Lee, Eunjee, Cho, Seoae, Kim, Kyunga et al. · Genomics · 2009 · DOI
Researchers developed a new method to find which genes might cause ME/CFS by combining three types of medical data: genetic variations people are born with, how active those genes are in the body, and whether someone has the disease. When they tested this method on ME/CFS patients, they found that certain genes—especially one called NR3C1—appear to influence disease risk, and that patients with ME/CFS plus depression may have different genetic causes than those with ME/CFS alone.
This study addresses a fundamental challenge in ME/CFS research: identifying which genes actually cause the disease rather than merely correlating with it. By integrating genetic, molecular, and clinical data, the approach provides a framework for understanding disease heterogeneity and may explain why some ME/CFS patients have different symptom profiles or comorbidities, potentially leading to more targeted therapeutic strategies.

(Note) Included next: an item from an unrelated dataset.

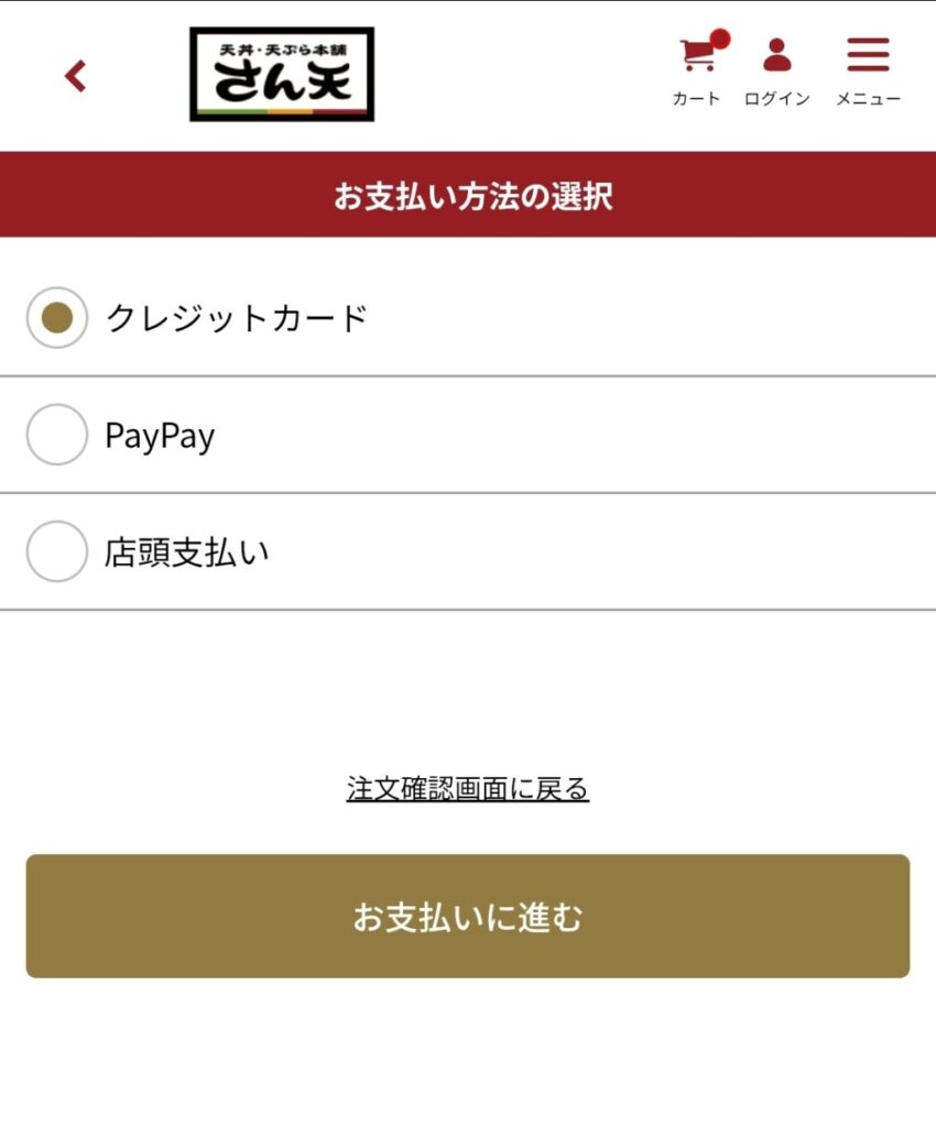 さん天のテイクアウトでは、オンライン注文時の事前決済と店頭での支払いが選択でき、それぞれ利用可能な決済方法が異なります。

This study does not prove that NR3C1 or other identified genes are sufficient to cause ME/CFS, nor does it establish whether the observed associations are causally relevant in patients or merely statistical correlations. The findings are based on integrated data analysis and require functional validation and replication in independent cohorts to confirm causal mechanisms. Additionally, the cross-sectional nature of the analysis cannot establish temporal relationships between genetic changes and disease development.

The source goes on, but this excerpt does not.